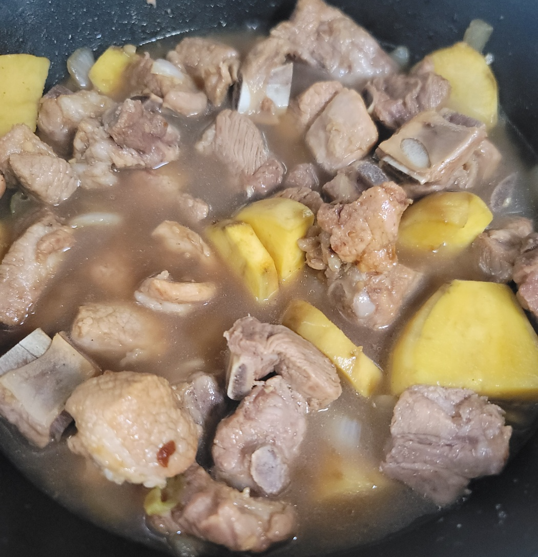 썰어놓은 양파와 고구마를 넣어줍니다. 고구마를 넣으면 단맛이 올라오고 고구마 전분 때문에 국물이 진득해져 밥이랑 비벼 먹어도 맛있는 돼지갈비찜이 되는 것 같아요. 돼지갈비찜을 할 때 고구마는 꼭 넣어요.
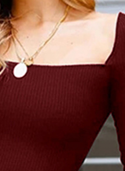 The bodycon dress features long sleeve and square neck.
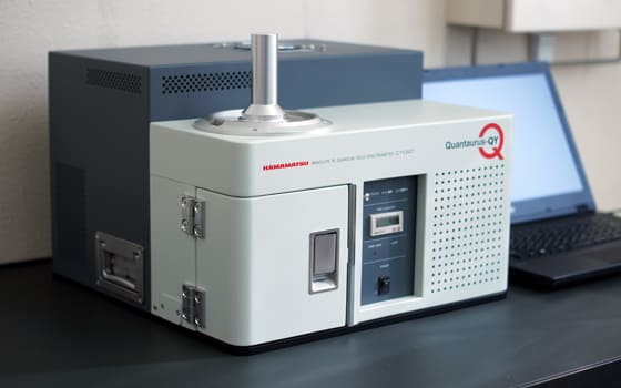 A spectrometer used to determine absolute photoluminescence quantum yield for both liquid and solid state samples using an integrating sphere and thermoelectrically cooled CCD array detector (Hamamatsu Photonics, Quantaurus-QY).

___

**Work instructions:**
Write out the whole listing exactly. Do not include the pictures.

**The answer:**
 썰어놓은 양파와 고구마를 넣어줍니다. 고구마를 넣으면 단맛이 올라오고 고구마 전분 때문에 국물이 진득해져 밥이랑 비벼 먹어도 맛있는 돼지갈비찜이 되는 것 같아요. 돼지갈비찜을 할 때 고구마는 꼭 넣어요.
 The bodycon dress features long sleeve and square neck.
 A spectrometer used to determine absolute photoluminescence quantum yield for both liquid and solid state samples using an integrating sphere and thermoelectrically cooled CCD array detector (Hamamatsu Photonics, Quantaurus-QY).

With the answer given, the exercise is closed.